## TASK DIRECTIONS
Reproduce the full listing as it stands. Images do not belong in the copy.

## DATA SECTION
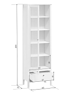 Напольная белая витрина Ewa (Helga) имеет узкую однодверную конструкцию с выдвижным ящиком и четырьмя полками. Все хранимые в пенале предметы остаются чистыми и сухими. Глухая створка со стеклом не пропускает внутрь пыль и влагу. В то же время, элегантная подсветка акцентирует лучшие черты расставленных вещей.
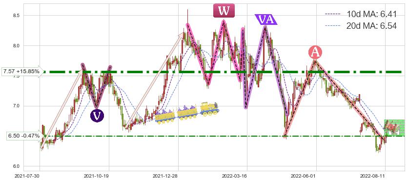 ♘ 阻力价格位7.57,可信任强度89.89%,距离最后交易2022-08-12形成的收盘价格6.53相差 +15.85%
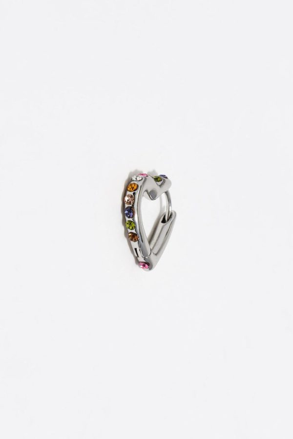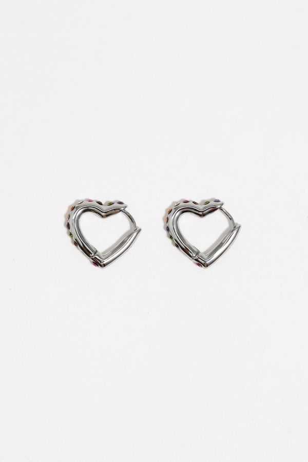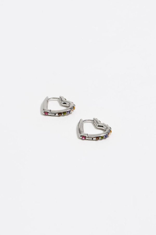 Bimba Y Lola Jewelry | Women Silver-tone Heart Hoop Multicolor Crystals Earrings

## EXERCISE ANSWER
 Напольная белая витрина Ewa (Helga) имеет узкую однодверную конструкцию с выдвижным ящиком и четырьмя полками. Все хранимые в пенале предметы остаются чистыми и сухими. Глухая створка со стеклом не пропускает внутрь пыль и влагу. В то же время, элегантная подсветка акцентирует лучшие черты расставленных вещей.
 ♘ 阻力价格位7.57,可信任强度89.89%,距离最后交易2022-08-12形成的收盘价格6.53相差 +15.85%
 Bimba Y Lola Jewelry | Women Silver-tone Heart Hoop Multicolor Crystals Earrings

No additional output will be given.